Straight sugar, drill paddle. I suggest adding less and see how you like it. I added 3/4 cup per gallon and it tastes like really good lemonade! Really good lemonade!! When I decide to bottle I plan to rack a gallon and add another 1/4 cup sugar to that to see if I like it even more. I'd rather have 1 gallon too sweet than 5. The 3/4 cup put the SG around 1.02 which is about where I like my sweet wines.

Because of logistics I had a 5 gallon and 1 gallon batch. The 1 gallon immediately went into grolsch bottles....and some immediately went OUT of the grolsch bottles!!  When I bottle some will be corked, some grolsch'd.

Interestingly, there's a slight almost metallic hint on the back end. I used Realemon because Costco was out of Italian Volcano. I stocked up on the Italian this past weekend and did a side by side taste test. Big difference! (The Italian isn't from concentrate.) I'll use the Italian Volcano in my next batch for sure.


----------



## Vlabruz (Mar 17, 2022)

BigDaveK said:


> Straight sugar, drill paddle. I suggest adding less and see how you like it. I added 3/4 cup per gallon and it tastes like really good lemonade! Really good lemonade!! When I decide to bottle I plan to rack a gallon and add another 1/4 cup sugar to that to see if I like it even more. I'd rather have 1 gallon too sweet than 5. The 3/4 cup put the SG around 1.02 which is about where I like my sweet wines.
> 
> Because of logistics I had a 5 gallon and 1 gallon batch. The 1 gallon immediately went into grolsch bottles....and some immediately went OUT of the grolsch bottles!!  When I bottle some will be corked, some grolsch'd.
> 
> Interestingly, there's a slight almost metallic hint on the back end. I used Realemon because Costco was out of Italian Volcano. I stocked up on the Italian this past weekend and did a side by side taste test. Big difference! (The Italian isn't from concentrate.) I'll use the Italian Volcano in my next batch for sure.

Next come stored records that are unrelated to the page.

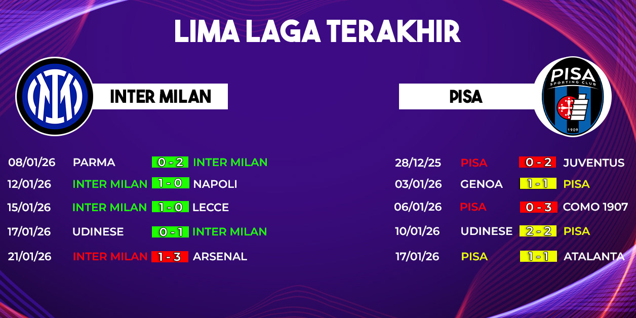 Dari sisi head to head, Inter Milan jelas berada di atas angin. Dalam enam pertemuan terakhir melawan Pisa di semua kompetisi, La Beneamata selalu keluar sebagai pemenang. Bahkan, Inter belum pernah merasakan kekalahan dari Pisa sejak tahun 1987.
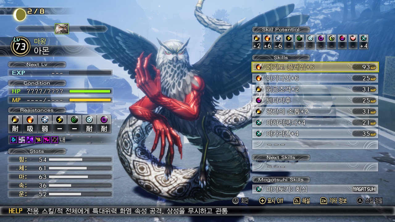 공격스킬들은 대부분 늘 봤던 그 스킬들인데, 메기도 플레임은 주의해야 합니다. 광역 관통 화염 마법이라 화염약점을 갖고 있는 악마가 아군에 있다면 개박살이 날 수 있어요.
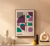 Questo poster giocoso e sofisticato è un classico omaggio alla scuola di design Bauhaus. La composizione è strutturata da una forte griglia di linee nere che ospita un vivace mix di forme geometriche: triangoli, cerchi e archi. L'opera bilancia grandi blocchi di colore, come il prugna intenso, il lilla tenue e il verde acqua, con motivi ripetitivi, tra cui un gruppo di piccoli triangoli neri e un cerchio viola a pois. Questo mix di ordine e geometria giocosa crea un'estetica unica e moderna. Questa stampa, scaricata in formato digitale, vanta una qualità superiore con una risoluzione di 7000x5000 pixel e 300 dpi. Questa

Interesting, never heard of that brand


----------



## BigDaveK (Mar 18, 2022)

Vlabruz said:


> Interesting, never heard of that brand


Costco usually sells a 2-pack (33.8 oz each) for under 8 bucks so it's economical. And it's organic. Bottle says it has the juice of about 40 lemons. When I first tasted it about 6 years ago I immediately stopped buying Realemon.

Other places sell it for more that $10 for a single bottle. Yikes.


----------



## barryjo (Mar 27, 2022)

BigDaveK said:


> Straight sugar, drill paddle. I suggest adding less and see how you like it. I added 3/4 cup per gallon and it tastes like really good lemonade! Really good lemonade!! When I decide to bottle I plan to rack a gallon and add another 1/4 cup sugar to that to see if I like it even more. I'd rather have 1 gallon too sweet than 5. The 3/4 cup put the SG around 1.02 which is about where I like my sweet wines.
> 
> Because of logistics I had a 5 gallon and 1 gallon batch. The 1 gallon immediately went into grolsch bottles....and some immediately went OUT of the grolsch bottles!!  When I bottle some will be corked, some grolsch'd.
> 
> Interestingly, there's a slight almost metallic hint on the back end. I used Realemon because Costco was out of Italian Volcano. I stocked up on the Italian this past weekend and did a side by side taste test. Big difference! (The Italian isn't from concentrate.) I'll use the Italian Volcano in my next batch for sure.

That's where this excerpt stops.